Genau auf dem Höhepunkt des Golfkrieges am 31.01 flog ich von Narita in Richtung Frankfurt / Deutschland ab.

Im Jumbo waren wegen des Krieges ungewöhnlich wenige japanische Reisende, und man hatte Bedingungen, die einem das Ausstrecken auf den Sitzen bis zum Flughafen Frankfurt ermöglichten. Trotz des Winters wäre die Maschine normalerweise voll gewesen, doch so war ich von der ungewohnten Ruhe im Flugzeug verblüfft. Ich hatte auch Verkehrsstaus wegen des Kriegseinflusses bei diesem Seminar erwartet, doch der Flugzeugreiseverkehr war stark, und auf den ersten Blick konnte man nichts besonderes feststellen, was auf den Golfkrieges hinwies. Gleichgültig auf welchem Flughafen, es wimmelte wie immer von Europäern. Auch hier konnte ich eine unterschiedliche Wahrnehmung bei Japanern und Europäern bemerken. Im allgemeinen empfinden die Japaner den Stolz, der bei homogenen Völkern vorkommt, andererseits besitzen sie eine Inselmentalität, die Abweichungen nicht akzeptiert, und so fehlt irgendwie eine Erweiterung der Betrachtungs- und Denkweise.

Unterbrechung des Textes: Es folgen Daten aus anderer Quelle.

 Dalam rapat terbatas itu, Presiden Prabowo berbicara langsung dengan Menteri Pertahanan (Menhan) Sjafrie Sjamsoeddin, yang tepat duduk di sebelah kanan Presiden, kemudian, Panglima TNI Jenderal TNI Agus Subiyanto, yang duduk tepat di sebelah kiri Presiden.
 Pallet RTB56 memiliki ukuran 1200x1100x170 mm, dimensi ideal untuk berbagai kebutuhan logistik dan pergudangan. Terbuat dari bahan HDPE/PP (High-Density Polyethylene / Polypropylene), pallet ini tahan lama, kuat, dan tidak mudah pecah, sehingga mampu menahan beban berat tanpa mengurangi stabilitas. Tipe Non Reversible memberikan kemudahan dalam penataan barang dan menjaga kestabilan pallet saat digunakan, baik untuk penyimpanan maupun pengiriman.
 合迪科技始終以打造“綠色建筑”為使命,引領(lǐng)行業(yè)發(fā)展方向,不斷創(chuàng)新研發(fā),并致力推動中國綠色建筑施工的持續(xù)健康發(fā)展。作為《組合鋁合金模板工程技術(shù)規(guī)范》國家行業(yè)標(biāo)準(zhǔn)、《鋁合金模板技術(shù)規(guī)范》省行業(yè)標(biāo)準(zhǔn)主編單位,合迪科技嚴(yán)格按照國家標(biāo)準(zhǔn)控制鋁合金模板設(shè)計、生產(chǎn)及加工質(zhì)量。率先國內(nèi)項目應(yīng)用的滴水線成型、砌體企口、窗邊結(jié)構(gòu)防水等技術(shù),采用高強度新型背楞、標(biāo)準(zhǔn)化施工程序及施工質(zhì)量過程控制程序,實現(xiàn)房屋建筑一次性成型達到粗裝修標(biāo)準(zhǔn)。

Die Unfähigkeit, die Betrachtungs- und Denkweise zu erweitern, bringt wohl den Mangel an Kreativität mit sich. Die Einschränkung des Blickfeldes führt auch schon bei kleinsten Abweichungen innerhalb dieses Blickfeldes zu übertriebenen Reaktionen, man gewöhnt sich schnell an Veränderungen, und was sich nicht verändert, wird aus dem Blickfeld geschoben und schnell für immer vergessen.

In diesem Sinne war die traditionelle japanische Kultur immer der Gefahr des endgültigen Vergessens ausgesetzt.

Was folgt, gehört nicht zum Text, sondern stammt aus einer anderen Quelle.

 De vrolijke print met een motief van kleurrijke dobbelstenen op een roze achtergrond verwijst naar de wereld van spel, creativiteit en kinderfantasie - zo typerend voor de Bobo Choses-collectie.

Warum nur ist im Falle der Golfkrise kein größerer Einfluss auf Europa zu spüren, wie zu erwarten wäre, da Europa viel näher am Irak liegt als Japan.

Es ist unnötig zu sagen, daß die einzelnen Bürger den Krieg gelassen aufnehmen, aber auch in den Zeitungen und im Fernsehen gab es keine übertriebene Berichterstattung. Das liegt am ausgeprägten Individualismus.

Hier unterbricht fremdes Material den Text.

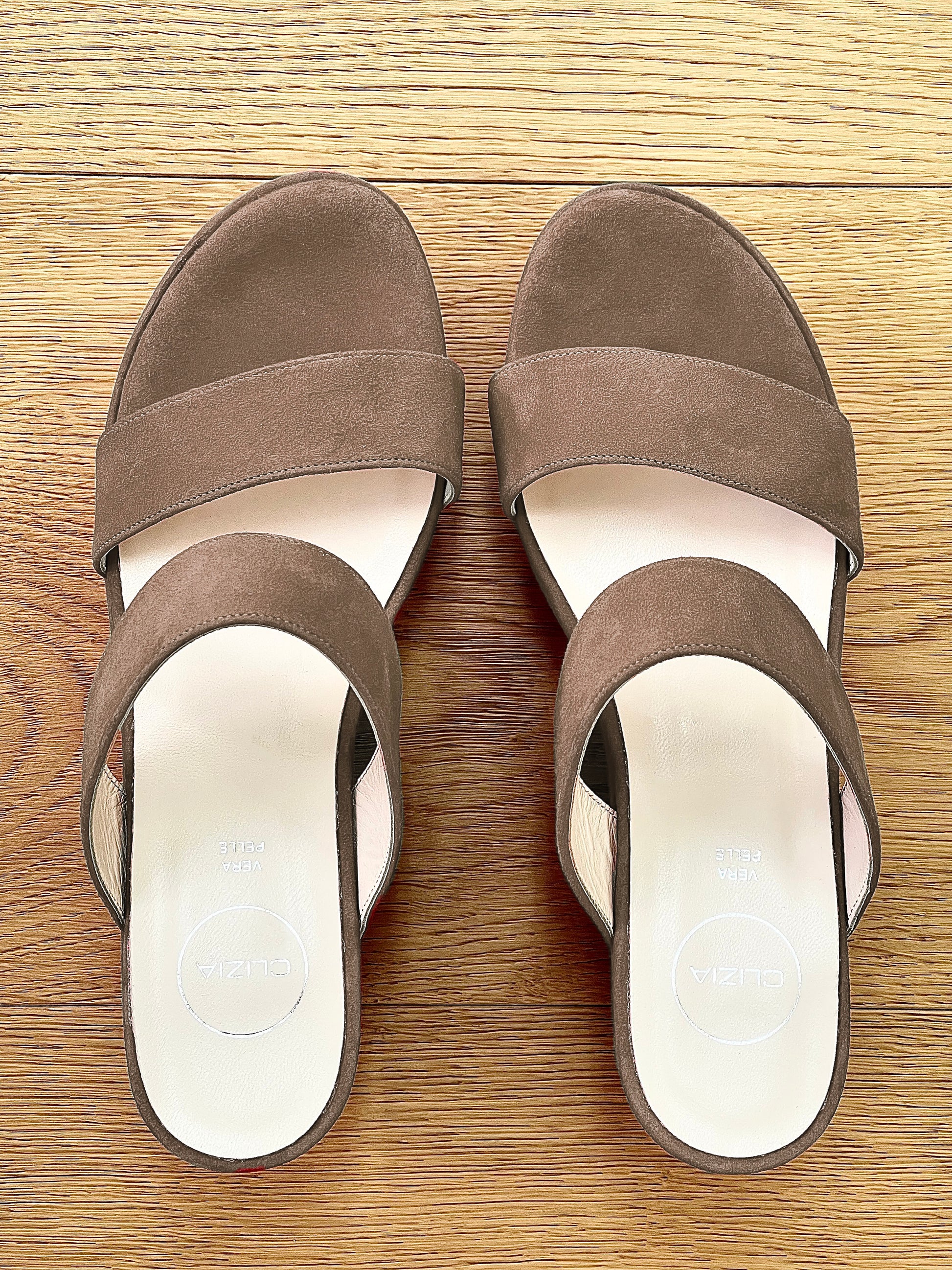 סנדלים עם רצועות כפולות ופלך בינוני.

Sie folgen nicht wie die Japaner belanglos plappernd blindlinks anderen Leuten,  und es werden keine Gerüchte verstreut. Sie sind hartnäckig und handeln nach ihrem eigenen Willen, und sie besitzen eine Eigensinnigkeit, die nicht so leicht von anderer Leute Sagen und Tun abhängig ist.

Ich fahre seit 1978 seit über 13 Jahren jedes Jahr zum Unterrichten nach Europa, und viele Schüler, die von Anfang an dabei waren, sind immer noch beim Training. Wenn man vom Deutschen Charakter spricht, so gibt es viele Menschen, die, bevor sie etwas beginnen, diese Sache eingehend bewerten und wenn sie dann einmal angefangen haben, sich weiter bemühen, bis sie die Sache verstanden haben.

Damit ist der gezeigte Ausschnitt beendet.